De acordo com as entidades, o impacto do calor vai além de eventos pontuais e passa a influenciar diretamente o funcionamento de toda a cadeia produtiva. “O calor extremo está, cada vez mais, definindo as condições nas quais o agronegócio opera. Mais do que um risco climático isolado, ele funciona como um fator que amplia as vulnerabilidades existentes”, explicou a secretária-geral da WMO, Celeste Saulo.
No campo, os efeitos são observados tanto na agricultura quanto na pecuária. Em relação às lavouras, o relatório indica que a produtividade tende a cair de forma significativa quando as temperaturas superam os 30°C. Nesses cenários, há enfraquecimento das células vegetais, prejuízo na distribuição de energia e comprometimento na formação de grãos e frutos. Além disso, o calor acelera o ciclo das plantas de maneira desordenada, resultando em colheitas menores e de qualidade inferior.

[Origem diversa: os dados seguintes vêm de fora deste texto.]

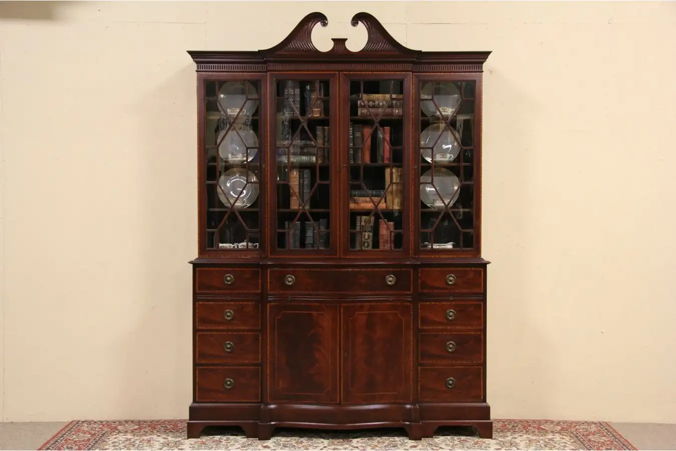 Deep and lustrous, the finish is in very fine condition with warm patina, enhancing the sophisticated banding and matched flame grain panels. The carved pediment and curved lower doors are graceful on this elegant American made vintage furniture. Grillwork on upper doors is authentic with slightly convex individual panes. Dovetailed drawers have solid mahogany sides and hardware is original.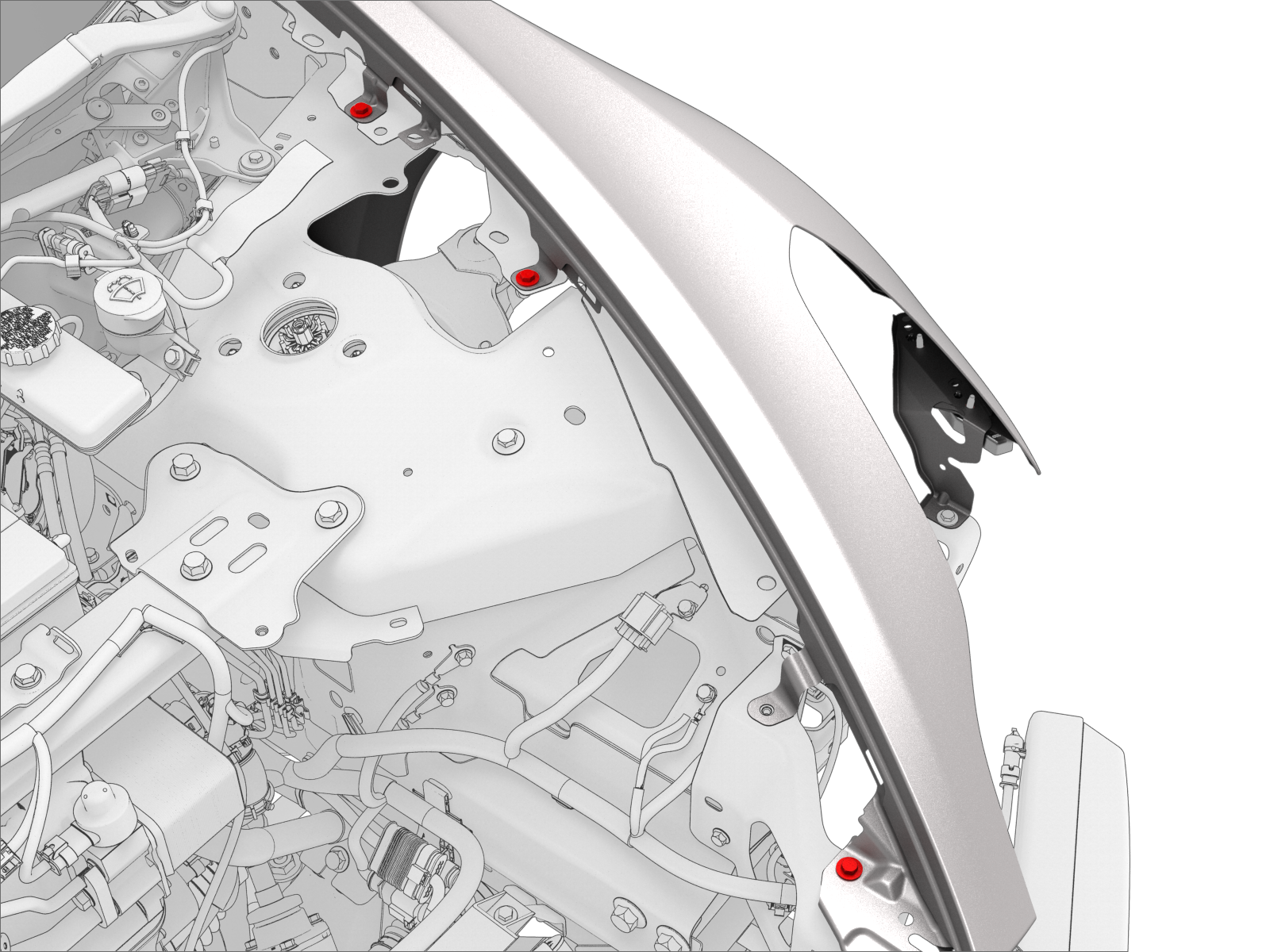 ![]() | 10 | Remove the bolts that attach the upper LH front fender to the vehicle. | |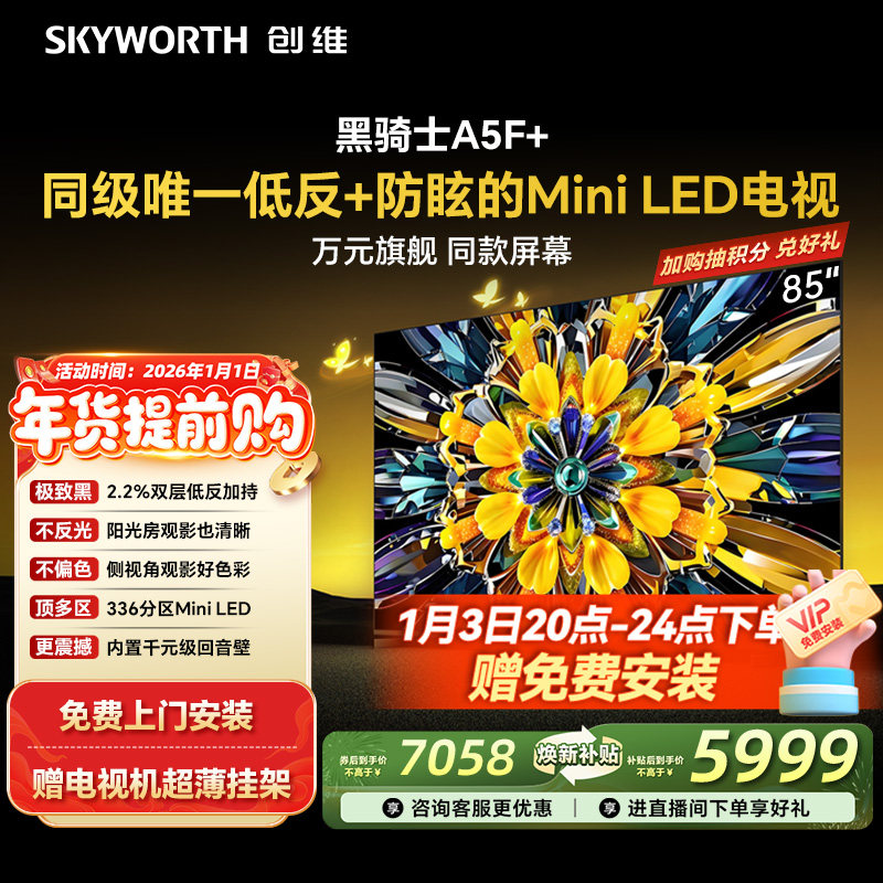 创维黑骑士85A5F+ 85英寸 Mini LED电视机 以旧换新补贴 官方旗舰

A pecuária também enfrenta consequências severas. O estresse térmico, situação em que os animais não conseguem dissipar o calor corporal, pode elevar a mortalidade de bovinos em até 24% durante episódios extremos. Já na produção de leite, os impactos são globais: o estudo estima perda de 1% no volume produzido, além da redução na qualidade nutricional do produto.
Outro ponto de alerta destacado no documento é o avanço do estresse hídrico. O fenômeno ocorre quando a demanda por água supera a disponibilidade no solo e nas reservas, sendo intensificado pelas altas temperaturas. Como consequência, surgem as chamadas “secas repentinas”, provocadas pela rápida evaporação da umidade superficial, o que compromete o desenvolvimento das raízes em poucos dias.
O relatório cita como exemplo a safra 2023/24 no Brasil, quando temperaturas até 7°C acima da média histórica resultaram em perdas de produtividade de até 20% em diferentes regiões produtoras. Além dos prejuízos produtivos, o estudo também chama atenção para os riscos à saúde dos trabalhadores rurais. Em regiões como o sul da Ásia, a África Subsaariana e partes da América do Sul e Central, o número de dias considerados perigosos para atividades ao ar livre pode chegar a 250 por ano.
Essa limitação reduz a capacidade operacional das atividades agrícolas, especialmente em tarefas que exigem esforço físico e exposição prolongada ao sol. Diante desse cenário, a ONU defende a adoção urgente de medidas de adaptação, como melhorias na infraestrutura rural e a implementação de sistemas de alerta precoce, com o objetivo de reduzir perdas econômicas e proteger os trabalhadores de um setor essencial para a segurança alimentar global.